A regional reference occurs in Horsham, Sussex in 1750.

Morris dancing continued in popularity until the industrial revolution and its accompanying social changes. Four teams claim a continuous lineage of tradition within their village or town: Abingdon (their Morris team was kept going by the Hemmings family), Bampton, Headington Quarry, and Chipping Campden. Other villages have revived their own traditions, and hundreds of other teams across the globe have adopted (and adapted) these traditions, or have created their own styles from the basic building blocks of Morris stepping and figures.

By the late 19th century, and in the West Country at least, Morris dancing was fast becoming more a local memory than an activity. D'Arcy Ferris (or de Ferrars), a Cheltenham-based singer, music teacher and organiser of pageants, became intrigued by the tradition and sought to revive it. He first encountered Morris in Bidford and organised its revival. Over the following years he took the side to several places in the West Country, from Malvern to Bicester and from Redditch to Moreton in Marsh. By 1910, he and Cecil Sharp were in correspondence on the subject.

Several English folklorists were responsible for recording and reviving the tradition in the early 20th century, often from a bare handful of surviving members of mid-19th-century village sides. Among these, the most notable are Cecil Sharp and Mary Neal.

Revival
Boxing Day 1899 is widely regarded as the starting point for the Morris revival. Cecil Sharp was visiting at a friend's house in Headington, near Oxford, when the Headington Quarry Morris side arrived to perform. Sharp was intrigued by the music and collected several tunes from the side's musician, William Kimber, including Country Gardens. A decade later he begin collecting the dances, spurred and at first assisted by Mary Neal, a founder of the Espérance Club (a dressmaking co-operative and club for young working women in London), and Herbert MacIlwaine, musical director of the Espérance Club. Neal was looking for dances for her girls to perform, and so the first revival performance was by young women in London.

Organisations

In the first few decades of the 20th century, several men's sides were formed, and in 1934 the Morris Ring was founded by six revival sides:

Cambridge Morris Men
Letchworth Morris
Thaxted Morris Men
East Surrey Morris Men
Greensleeves Morris Men (based in Wimbledon)
Oxford Morris (which was not at the initial ring meeting at Thaxted but was influential in the creation of the Ring's constitution).

In the 1950s and especially the 1960s, there was an explosion of new dance teams, some of them women's or mixed sides. At the time, there was often heated debate over the propriety and even legitimacy of women dancing the Morris, even though there is evidence as far back as the 16th century that there were female Morris dancers. There are now male, female and mixed sides to be found.

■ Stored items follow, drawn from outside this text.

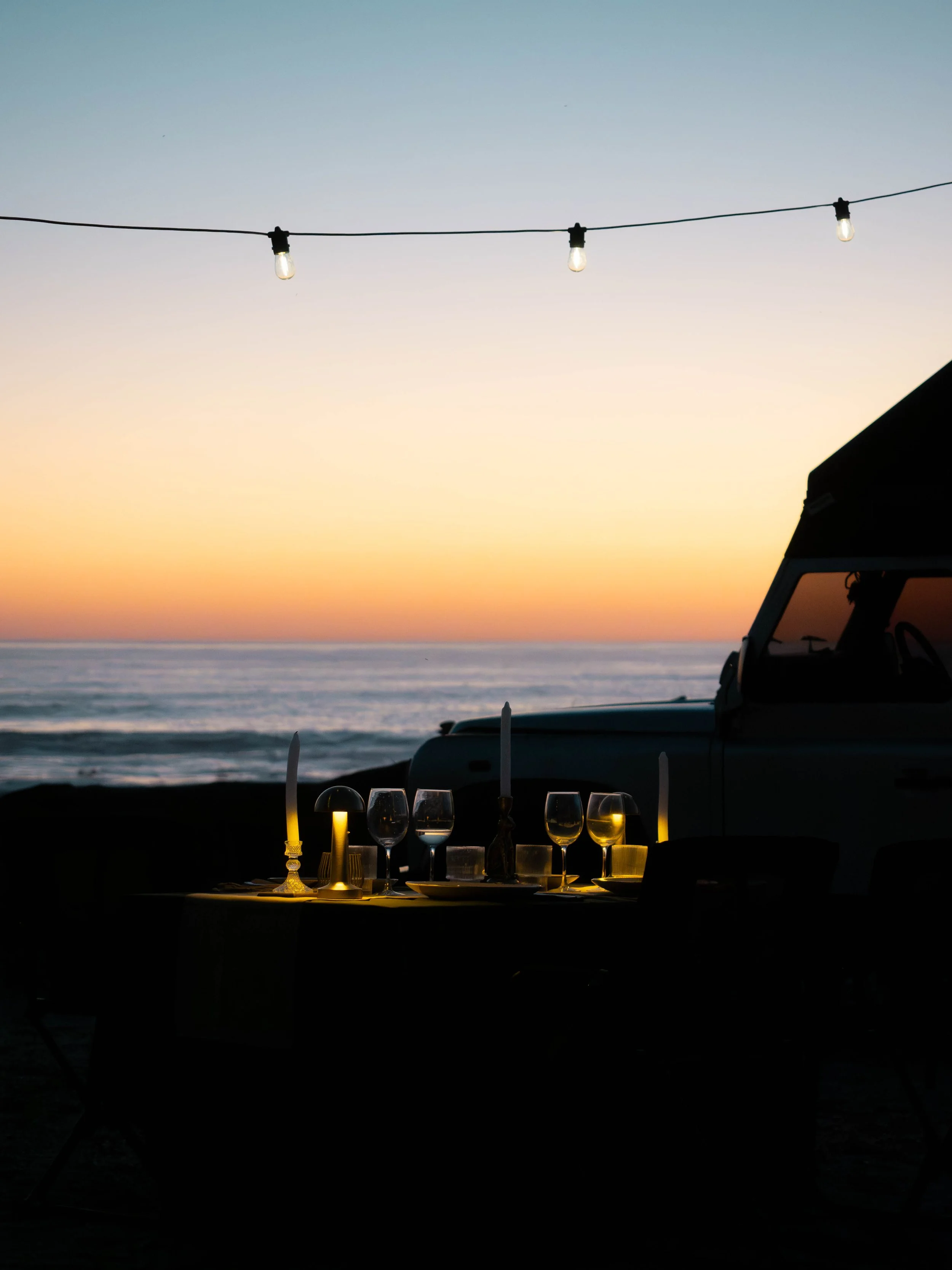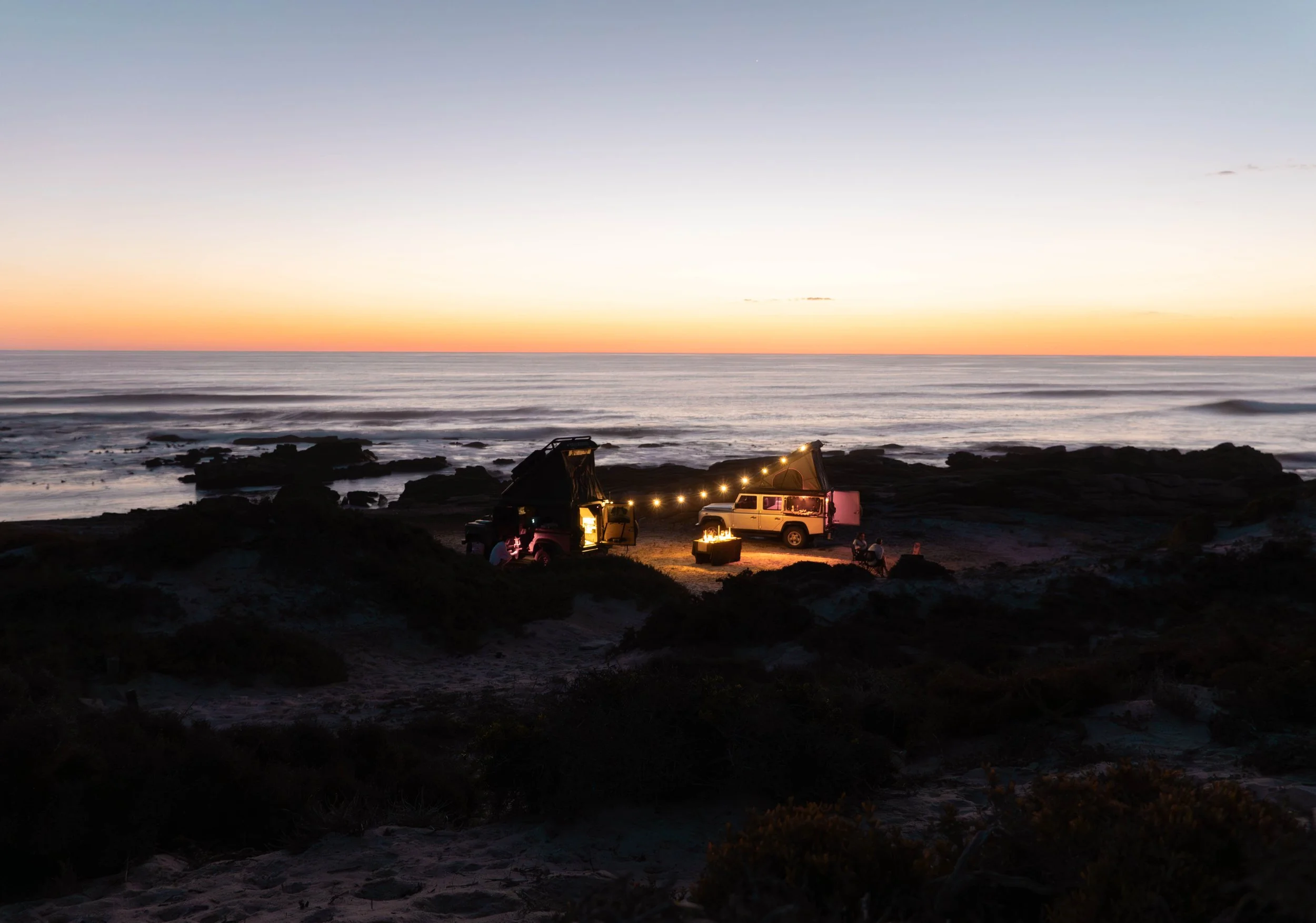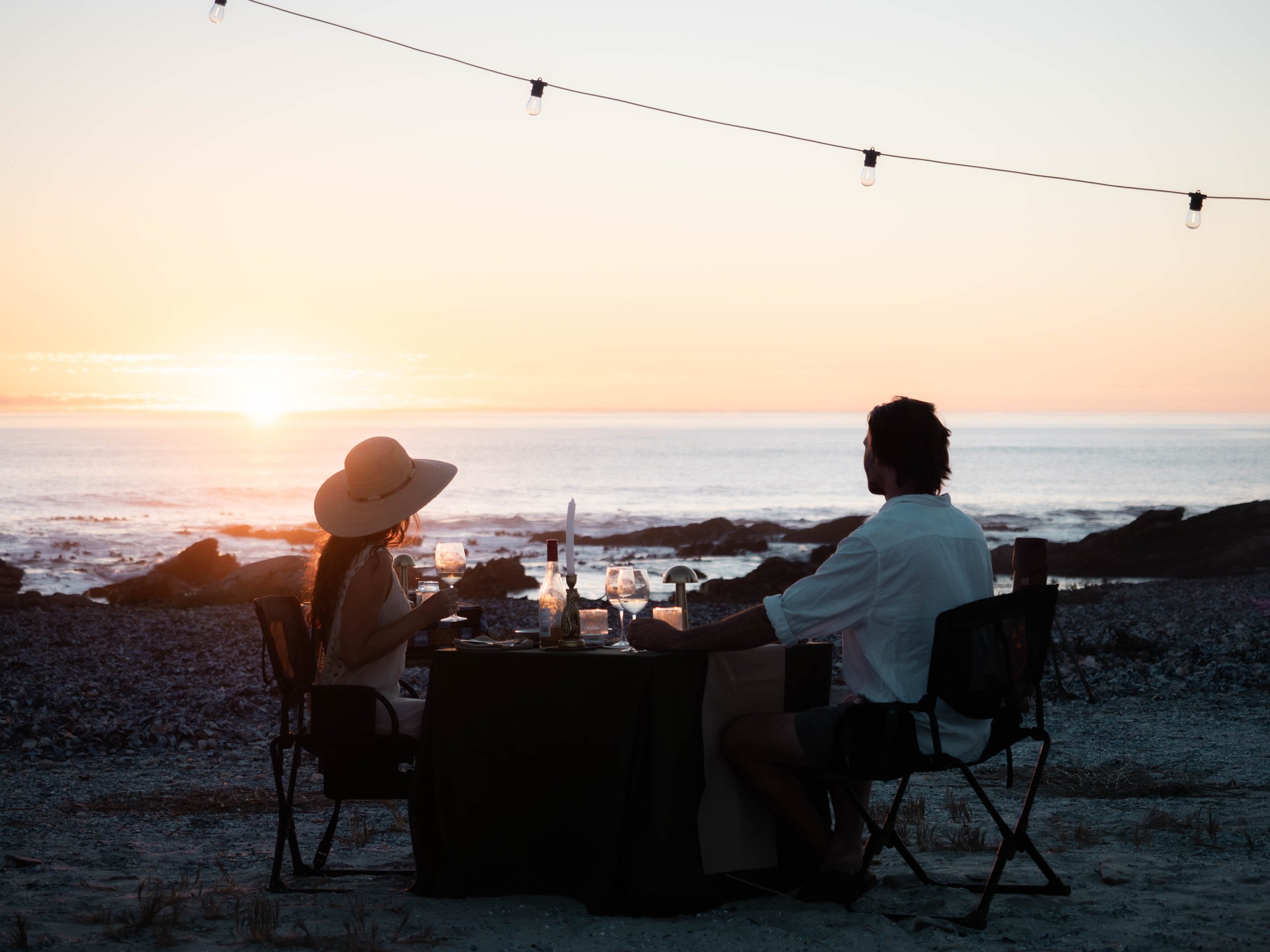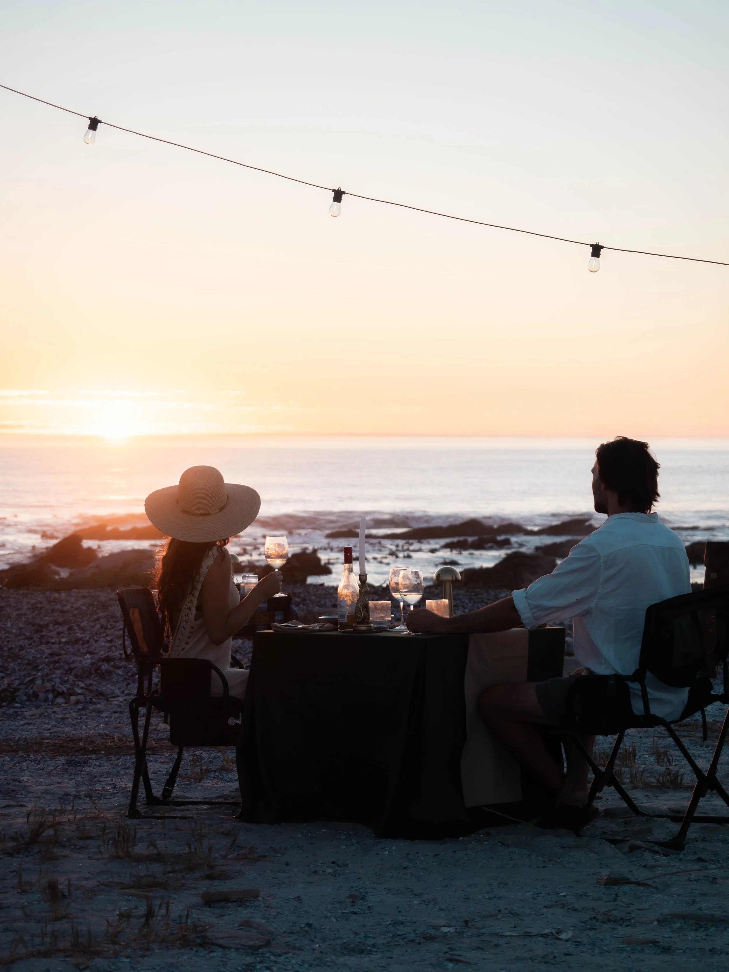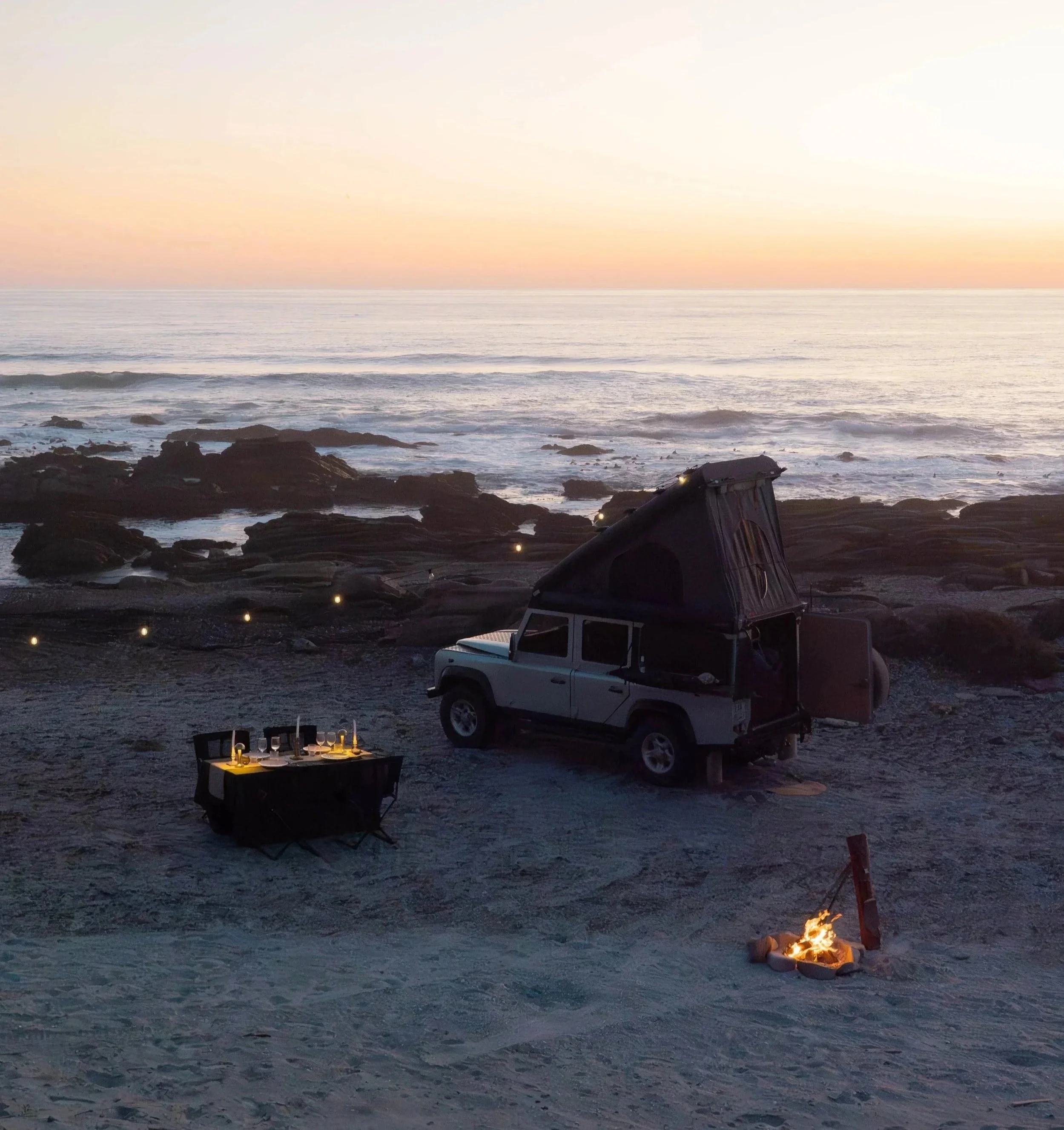 Dès lors que le camp prend place, le feu s’allume. Un sundowner est servi face au paysage, puis le dîner est dressé dans la lueur des flammes. La soirée se prolonge sous les étoiles, dans un silence rare.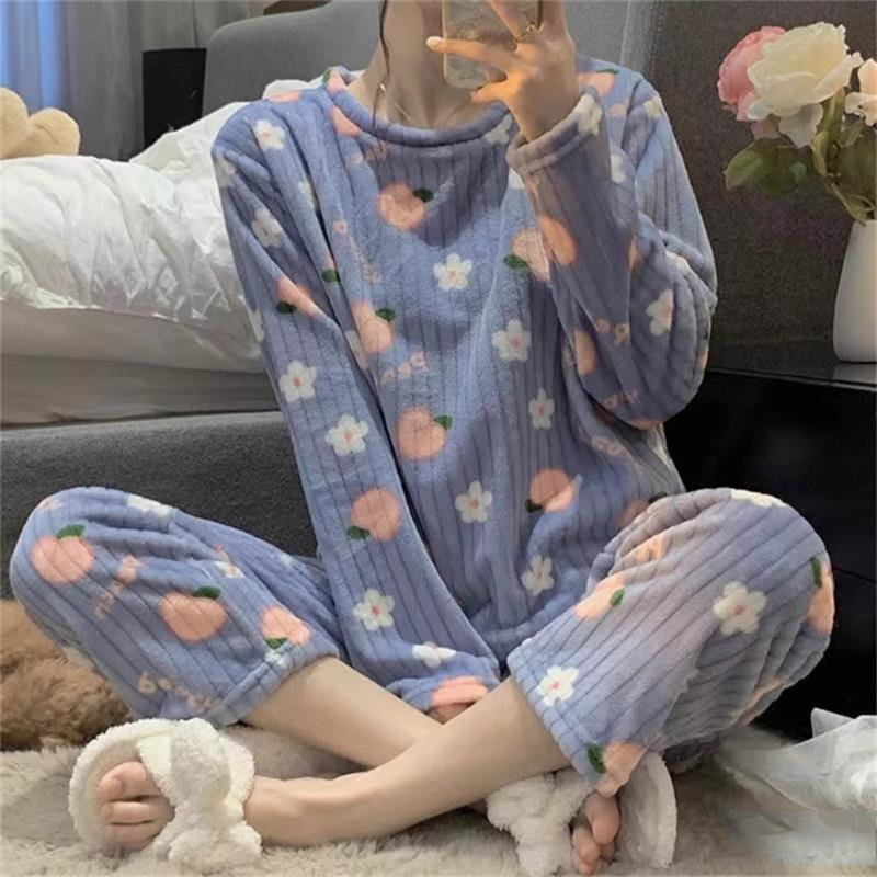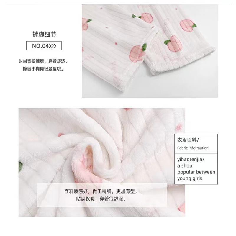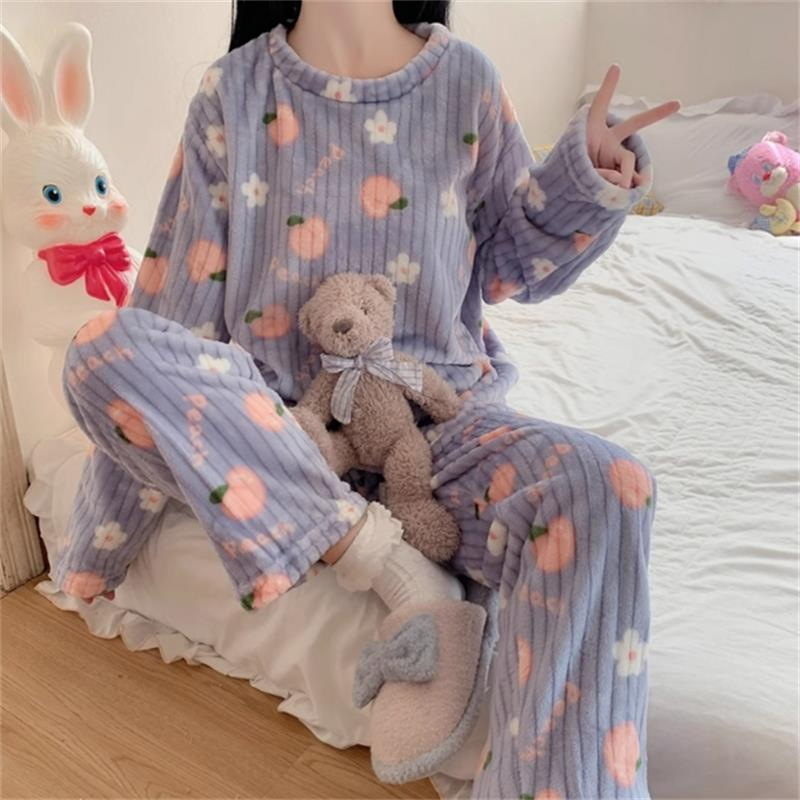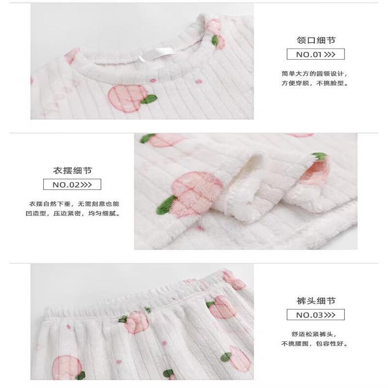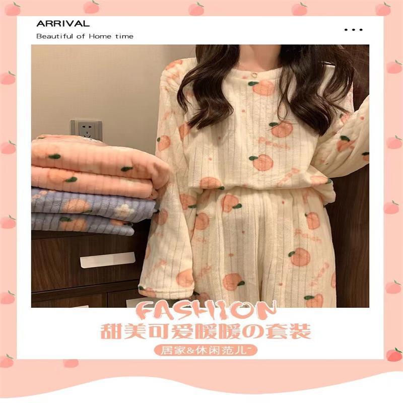 가을과 겨울 새로운 따뜻한 색 여성 잠옷 세트 복숭아 만화 곰 달콤한 공주 스타일 둥근 목 산호 양털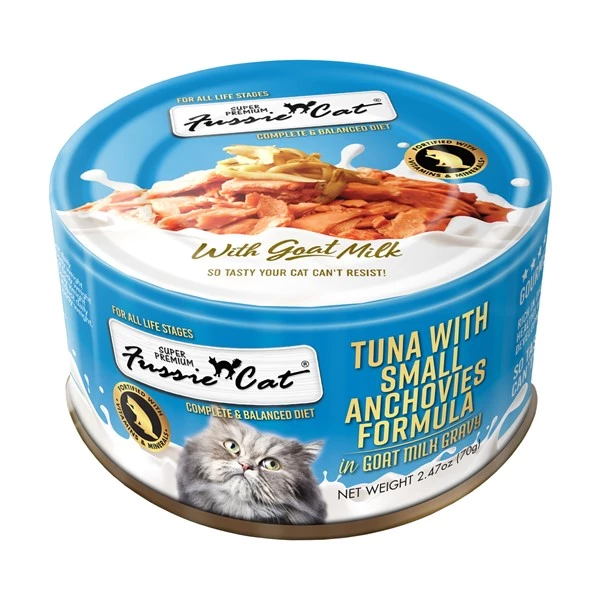 FUSSIE Cat Premium tuna in goat milk gravy canned for cats with high beans is rich in vitamins and minerals to provide comprehensive nutrition, and can supplement calcium to strengthen muscles and bones.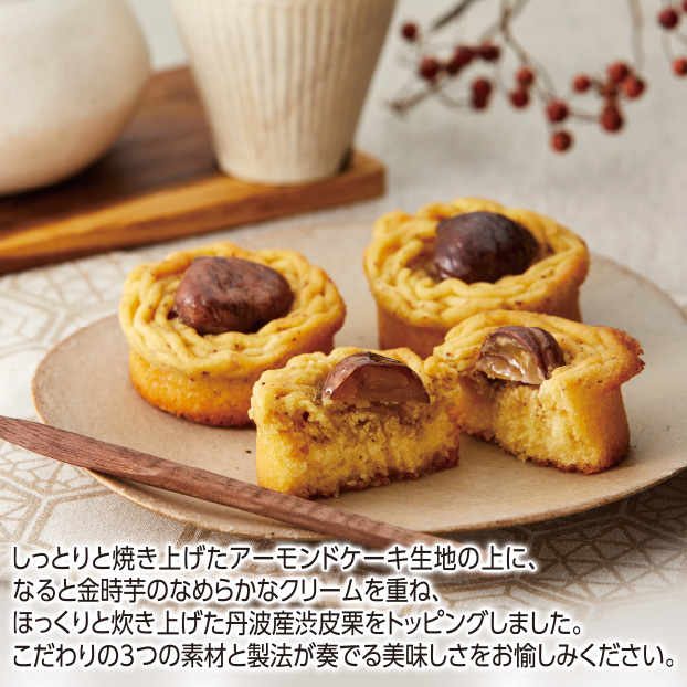 しっとりと焼き上げたアーモンドケーキ生地の上に、なると金時芋のなめらかなクリームを重ね、ほっくりと炊き上げた丹波産渋皮栗をトッピングしました。こだわりの3つの素材と製法が奏でる美味しさをお愉しみください。
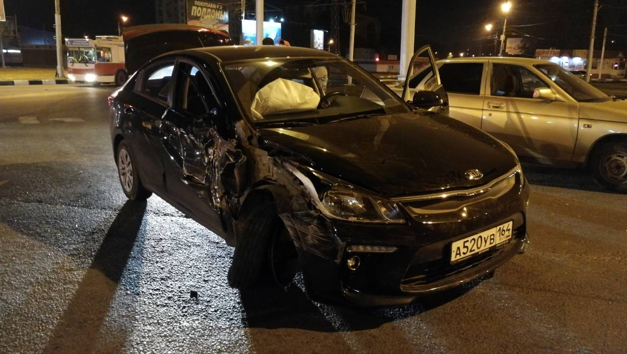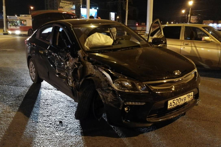 Сегодня ночью на въезде в Саратов со стороны Вольского тракта пьяный водитель устроил ДТП. На кольцевой развязке 42-летний водитель KIA Rio протаранил троллейбус маршрута № 10, который разворачивался на конечной остановке.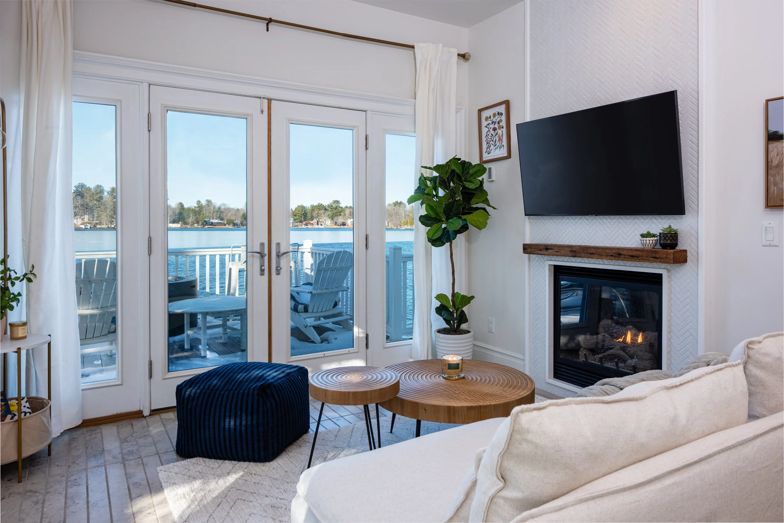 In the living room you’ll find our gas real flame fire place. To turn it on just use the remote control next to it. You can adjust the flame and amount of heat you want. The place will be very warm in no time. Please be careful as the glass can become very hot!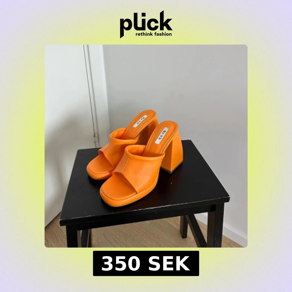Säljer ett par trendiga orange sandaler från NA-KD med bred rem och öppen tå. Skorna har en hög, kraftig klack och platt sula framtill. Perfekta för att addera färg till din outfit!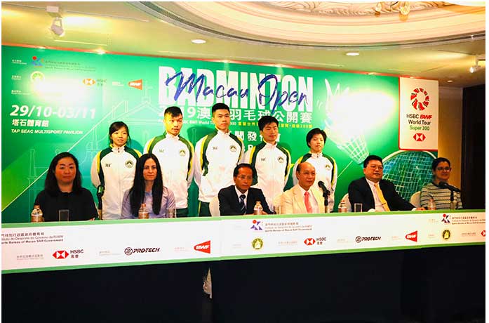 主辦單位日前(11日)在皇都酒店二樓舉行記者會,澳門羽毛球總會會長、兼二零一九澳門羽毛球世界羽聯巡迴賽組織委員會主席鄺達財、體育局廳長鄒國偉、世界羽毛球聯會系列賽事經理蘇菲亞、澳門羽毛球總會副會長、兼二零一九澳門羽毛球世界羽聯巡迴賽組織委員會副主席林德華、澳門羽毛球總會理事長、兼二零一九澳門羽毛球世界羽聯巡迴賽組織委員會副主席馬嘉美、澳門羽毛球總會、兼二零一九澳門羽毛球世界羽聯巡迴賽組織委員會秘書長黃家瑛等主持及介紹賽事詳情。

Partly because women's and mixed sides were not eligible for full membership of the Morris Ring (this has now changed), two other national (and international) bodies were formed, the Morris Federation and Open Morris. All three bodies provide communication, advice, insurance, instructionals (teaching sessions) and social and dancing opportunities to their members. The three bodies co-operate on some issues, while maintaining their distinct identities. An umbrella body that includes all three, the Joint Morris Organisation, organises joint events and discusses issues that affect all members, such as access to both public liability and personal insurance cover.

Morris dancing in Wales 
The United Kingdom experienced a revival in folk dancing and Morris dancing in the 1960s. In Wales this meant, in part, a resurgence in interest in the Nantgarw tradition from sides who were looking for Welsh dances to add to their English ones. Cardiff Morris Men began piecing together a Morris dance from the notes that had been written down by Ceinwen Thomas on one particular dance that she called Y Gaseg Eira . After this 'original' dance had been pieced back together sides began to create more dances that were 'in the style of' this traditional Nantgarw Morris dance. Many of these new creations, such as Y Derwydd, are now held to be just as much a part of the Nantgarw tradition as the original dance. Today there are five Morris dances that are commonly recognised as being a part of the Nantgarw tradition. The five dances in the Nantgarw tradition include: Y Gaseg Eira (The Snow Mare), Hela'r Sgwarnog (Hunting the Hare), Ty Coch Caerdydd (Red House of Cardiff), Y Derwydd (The Druid) and Y Goron (The Crown).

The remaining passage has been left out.